Training vs Inference

The two are easy to confuse because both involve running data through a neural network. The difference is direction and frequency.

Training vs Inference

	Training	Inference
What it does	Adjusts the model's weights	Reads the weights to predict
How often	Once (plus occasional fine-tunes)	Every request, forever
Data	A fixed, curated dataset	New input never seen before
Direction	Forward and backward passes	Forward pass only
Cost shape	Huge one-time capital cost	Ongoing per-request operating cost
Optimized for	Final accuracy	Latency, throughput, cost per token

Fine-tuning blurs the line: it is a smaller training run on top of an existing model. But once a fine-tuned model is deployed, it is back to pure inference. The same split applies to small custom models. Training a lightweight classifier takes minutes; running it on live traffic is inference that has to be fast and cheap, the same constraint covered in real-time model monitoring.
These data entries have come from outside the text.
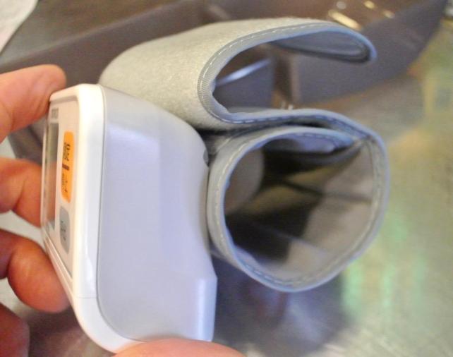 あとは測定・停止ボタンを一度押すだけ。 前述のカフに空気が送り込まれます。
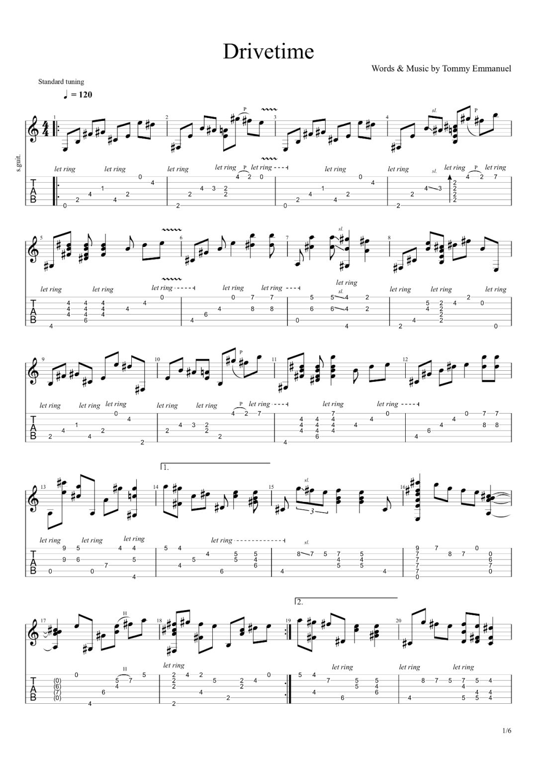 今天,茂茂给各位推荐的是来自Tommy Emmanuel的作品《Drive Time》,作词作曲均是Tommy Emmanuel,这首作品是Tommy为他第第一个女儿Amanda所写,因为Amanda喜欢长途旅行,所以写下了这首作品。这首作品录音所采用的设备为相机Canon 7D, 麦克风为Rode K2, Audio Technica 8033。作品也充满着Tommy的个人色彩,作为美式指弹的代表人物,他在指弹界的地位是毋庸置疑的,而练习他老人家的曲子,也是很多人的愿望,这不,茂茂又花费了诸多时间,终于找到了这首作品的谱子,特此分享给大伙,找谱不易,做谱的人更不容易, 别辜负了茂茂和做谱人的心,不多说,直接上干货。
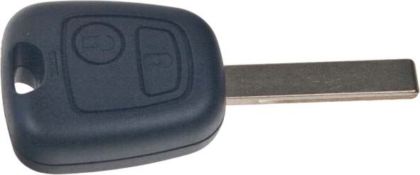 Náhradní autoklíč s dálkovým ovladačem pro vozy Citroën. Součástí klíče je planžeta, dálkové ovládání centrálního zamykání se dvěmi tlačítky a čip ID 46 pro imobilizér. Náhrada originálního ovladače.
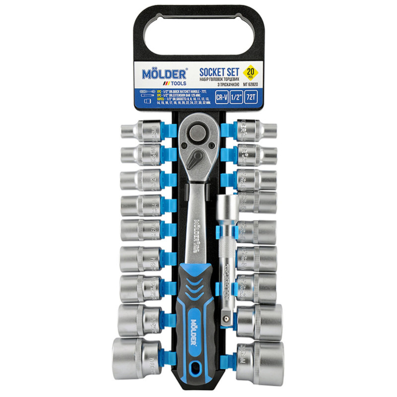 Набір Molder MT62820 складається з 20 інструментів, серед яких 18 торцевих головок, подовжувач і тріскачка. Набір призначений для закручування/відкручування різьбових з'єднань із зовнішнім шестигранним профілем. Усі складові є професійними, за рахунок чого підійдуть для експлуатації в автосервісі або на виробництві за умов підвищених навантажень.

How LLM Inference Works: Prefill and Decode

For a language model, inference is two phases with opposite performance profiles. Understanding the split is the difference between reading a benchmark correctly and being fooled by it.
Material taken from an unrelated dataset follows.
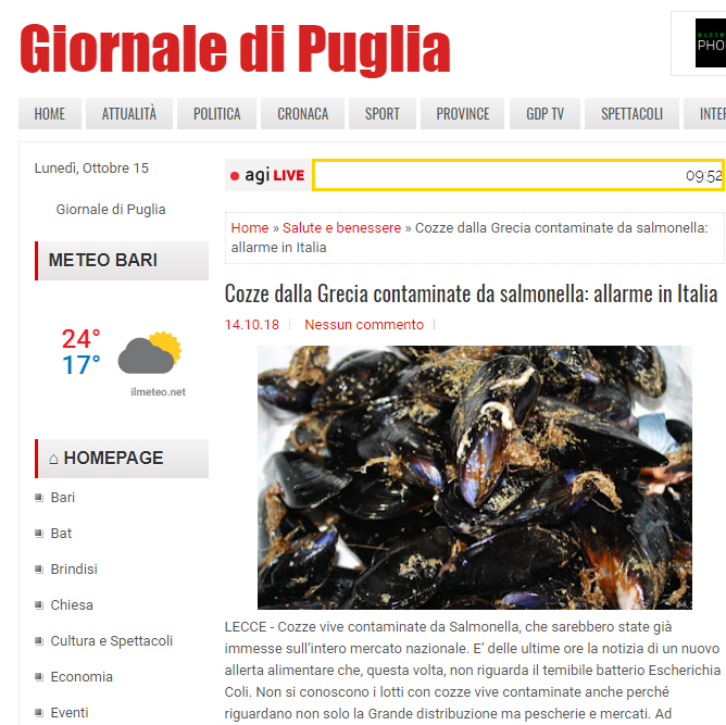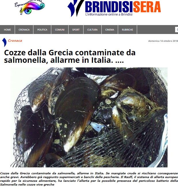 Η είδηση περί ακατάλληλων για κατανάλωση μυδιών από την Ελλάδα κάνει ήδη τον γύρο του ιταλικού διαδικτύου, με τα μέσα ενημέρωσης να αναφέρονται στους κινδύνους.
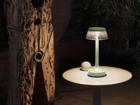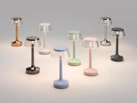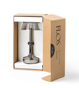 Flos Design. Philippe Starck, 2015 - F1040039 Dimensions : Ø 13,1 x h 27 cm lampe de table sans fil rechargeable fournissant une lumière directe. Corps en matériau moulé par injection et diffuseur transparent en PMMA. Source lumineuse avec technologie Edge Lighting. Autonomie de la batterie de 6/24 heures, rechargeable via USB C et Qi. Capteur optique d'allumage sur la base avec fonction de variation d'intensité à 4 niveaux et contrôle de la température de couleur sur 3 niveaux (2200K, 2700K et 3000K). Câble de charge USB-C inclus dans l'emballage, longueur utile de 120 cm.

Phase 1: Prefill (reading the prompt)

The model ingests your entire prompt at once, in parallel, and builds a key-value (KV) cache of attention state. Because it processes all input tokens together, prefill is compute-bound and fast even for long prompts. This phase determines time to first token: the longer the prompt, the longer until the first output appears.

Phase 2: Decode (writing the answer)

The model generates output one token at a time. Each new token depends on every token before it, so decode is strictly sequential and memory-bandwidth-bound, not compute-bound. This is the slow phase. Generation speed in tokens per second is a decode measurement, and it is why output costs more than input.

Why the split matters

A model can have fast prefill and slow decode, or the reverse. A coding assistant that reads a huge file (long prefill) but emits a three-line edit (short decode) has a completely different latency profile than a chatbot that gets a short prompt and writes three paragraphs. One "tokens per second" headline number hides this. Always ask whether a quoted speed is prefill, decode, or an average.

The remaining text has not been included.